Schweißer Arbeitskleidung: Flammhemmend & Zertifiziert
Schweißer Arbeitskleidung: Flammhemmend & Zertifiziert
Schweißer Arbeitskleidung schützt Sie nur dann wirklich vor Gefahren wie Metallspritzern oder offener Flamme, wenn sie nach EN ISO 11611 zertifiziert ist. Die Norm unterscheidet zwei Schutzklassen: Sie legen fest, wie viele Metalltropfen die Kleidung aushält und wie schnell sich eine Flamme darauf ausbreitet. Danach richtet sich, welche Klasse zu Ihrem Schweißprozess passt.
Als Betrieb aus Industrie oder Handwerk kaufen Sie Schweißerschutz selten für eine einzelne Jacke. Sie stellen eine komplette Ausrüstung zusammen, von der Jacke über Handschuhe bis zum Kopf- und Fußschutz, und Sie tragen die Verantwortung, dass diese Ausrüstung über Monate zuverlässig bleibt.
Mit der richtigen Schutzkleidung verhindern Sie im Ernstfall, dass aus Funkenflug eine echte Verbrennung wird. Die wichtigsten Punkte auf einen Blick:
EN ISO 11611 legt für Klasse 1 und Klasse 2 klar messbare Grenzwerte für Metalltropfen und Strahlungswärme fest.
Former und Schweißer verzeichneten 2022 mit 65 Arbeitsunfällen je 1.000 Vollarbeiter eine überdurchschnittliche Unfallquote.
Eine vollständige Schutzausrüstung deckt Rumpf, Hände, Kopf und Füße gleichzeitig ab.
Falsche Pflege wie Weichspüler oder Öl-Rückstände zerstört die flammhemmende Wirkung schneller als reguläre Abnutzung.

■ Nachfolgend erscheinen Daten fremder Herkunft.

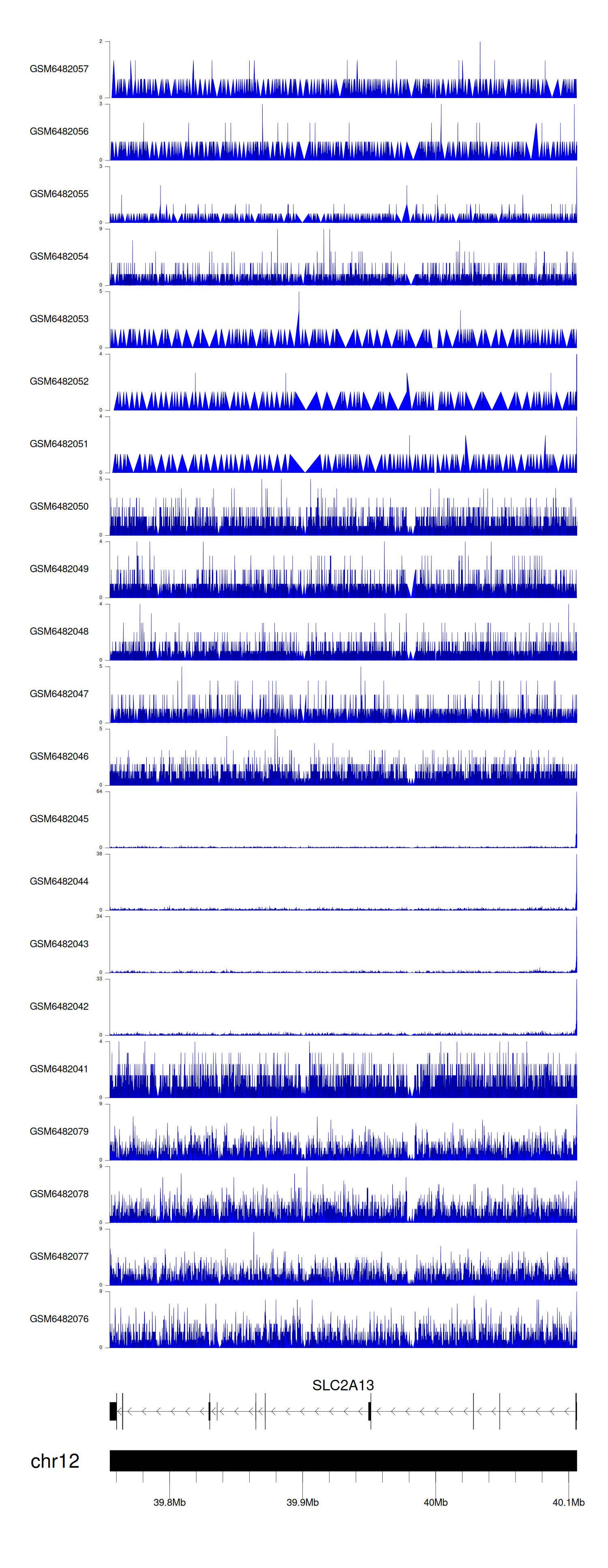> Dataset: GSE165705 - SLC2A13 peak across samples

Welche Norm macht Schweißer Arbeitskleidung erst zur Schutzausrüstung?
Klasse 1 verlangt mindestens 15 Tropfen geschmolzenen Metalls und einen RHTI24-Wert von 7 Sekunden, Klasse 2 mindestens 25 Tropfen und 16 Sekunden RHTI24, geprüft nach ISO 9150 und ISO 6942. Für WIG-Feinarbeiten reicht oft Klasse 1, beim spritzerintensiven E-Hand-Schweißen oder Autogenschweißen greifen Sie besser zu Klasse 2 mit ihren höheren Prüfwerten.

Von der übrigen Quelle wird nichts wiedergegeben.